The next day, Tietsort was found at a hotel with her boyfriend and was arrested - on a child-abuse charge from a few months back: the contention was that she had injured an 11-month-old girl's face, while Tietsort maintained that the girl had toppled from a sofa. No charges were filed in connection with an earlier case in which a baby suffered skull fractures that Tietsort claimed came from children fighting over a bottle.
She is being charged with intentional homicide for the latest incident, and a judge has released her on a $500,000 cash bond on condition that she not have contact with children. Tietsort is now pregnant with her sixth child.

Prosecutors in New York are charging Renee Burke, 40, with putting antifreeze in assorted beverages in her estranged husband's flat on three separate occasions. The motive cited for this is a desire to end a custody battle via his death. The older of the two children at the centre of the custody battle is an eight-year-old girl, whom surveillance-camera footage reportedly shows helping open a wine bottle during one of the poisoning attempts. The other child is a four-year-old boy who told his child-minder that a child's bottle in the home contained something for 'Daddy's drink'.
Burke's husband allegedly noticed a foul taste each time he drank an antifreeze-laced beverage so spat it out. His primary custody of the children might well continue, while Burke could spend up to 25 years in prison.

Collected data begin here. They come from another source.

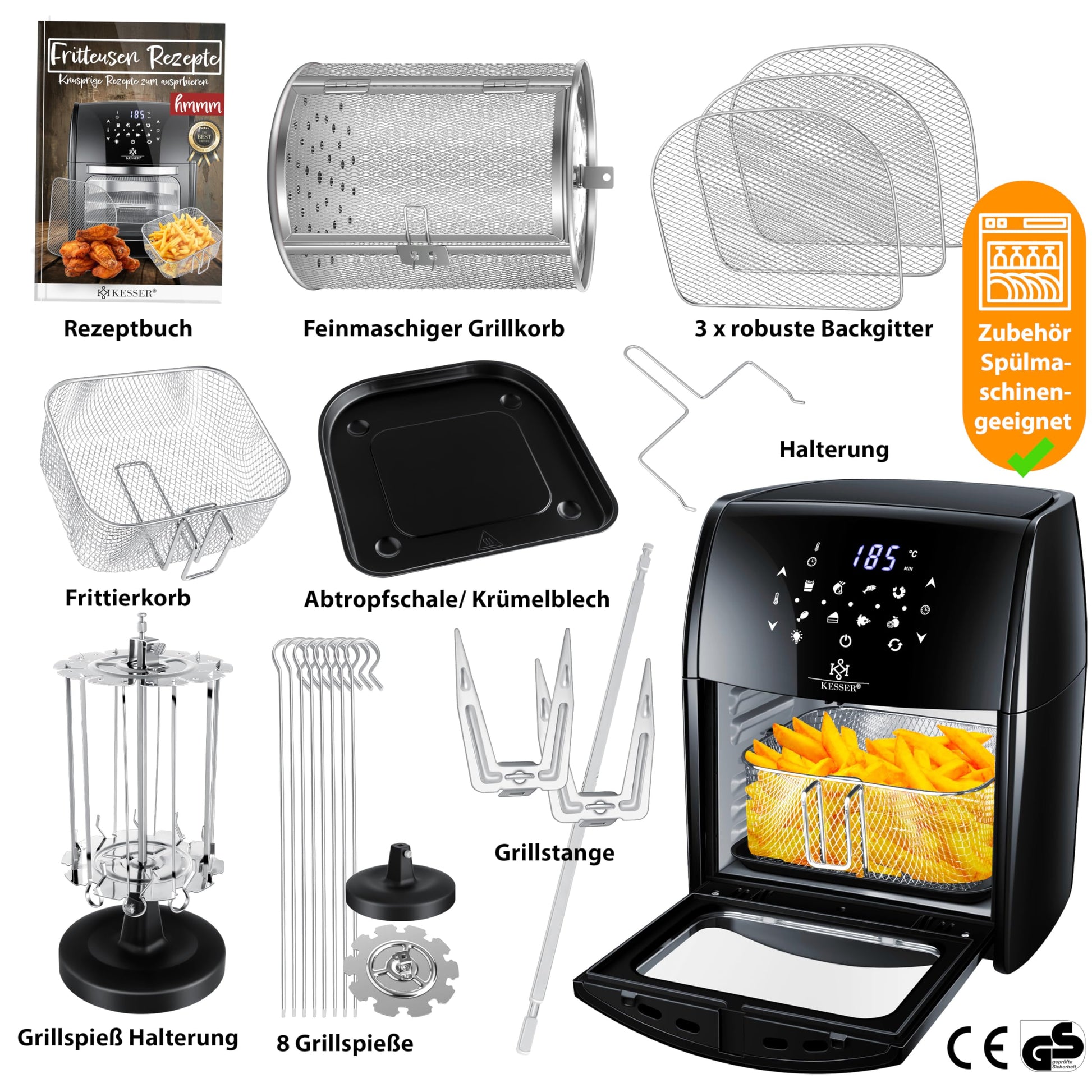 KESSER® XXL Airfryer 9in1 Heissluftfritteuse mit Drehgrill Schwarz
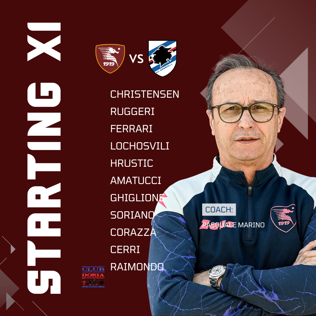 Salernitana (3-4-1-2), Christensen, Ruggeri, Ferrari, Lochosvili, Ghiglione, Hrustic, Amatucci, Corazza, Soriano, Cerri, Raimondo. Allenatore: Paquale Marino
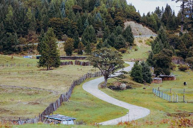 南迦巴瓦峰下的小镇,这里的牧场村庄,仿佛世外桃源一般。
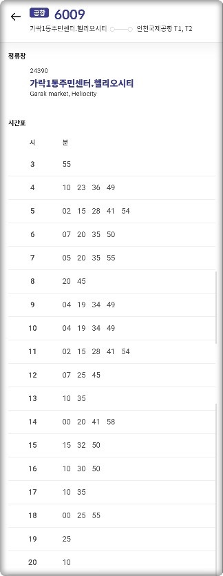 ( 6009 공항버스 '전체 정류장' 시간표 )
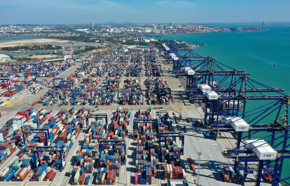 這是11月28日拍攝的洋浦港,是海南自貿(mào)港10個(gè)“二線口岸”之一(無(wú)人機(jī)照片)。新華社記者 郭程 攝
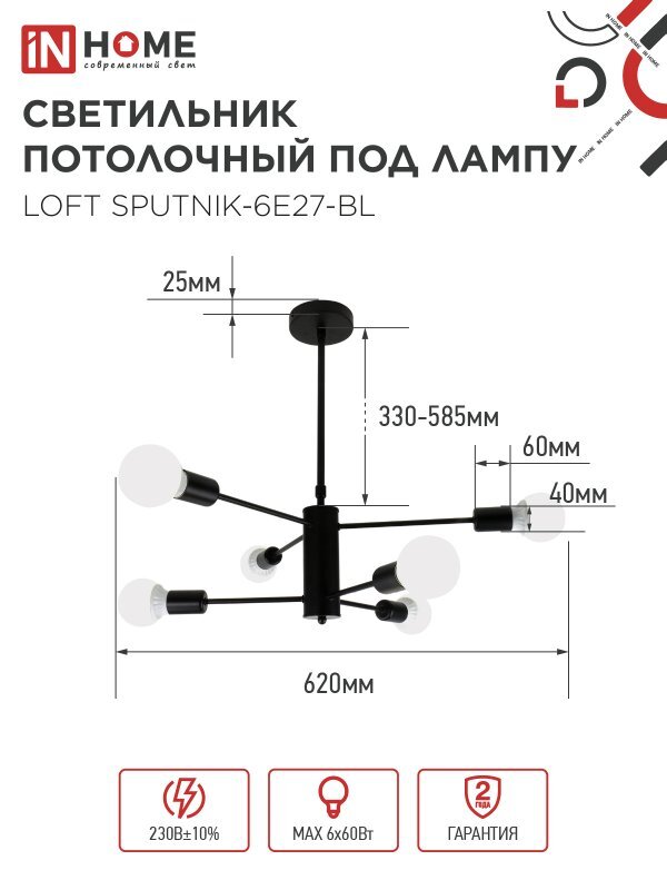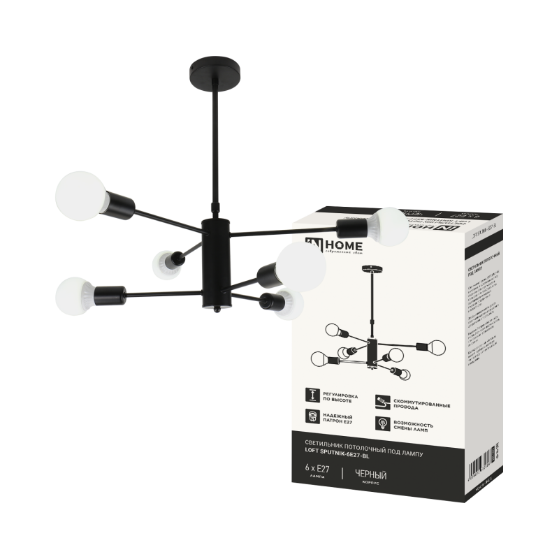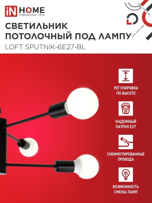 Светильник LOFT SPUTNIK-6E27-BL 6хE27 потолочн. под лампу; черн. IN HOME 4690612062686

Mercedes Walker visited a block of flats in Memphis, Tennessee, with a yellow card attached to a glue trap for mice. She inserted this into the slot in the complex's after-hours deposit box and went fishing for rent cheques. Just as she gave up, the car waiting for her drove off. This left her on her own, apart from the security guard who was watching.
The guard summoned the police, who arrested Walker on charges of both attempted and successful burglary: her fishing expedition the previous night had netted her a money order for $294.

The police in Layton, Utah, have urged members of the public not to accept an online 'challenge' associated with the film Bird Box. This follows an incident in which a teenager drove into oncoming traffic while her hat was pulled over her eyes. Police Lieutenant Travis Lyman said that he never thought he'd have to warn people not to drive while blindfolded. Netflix, the film's producer, had issued a similar warning a few days before the Utah incident.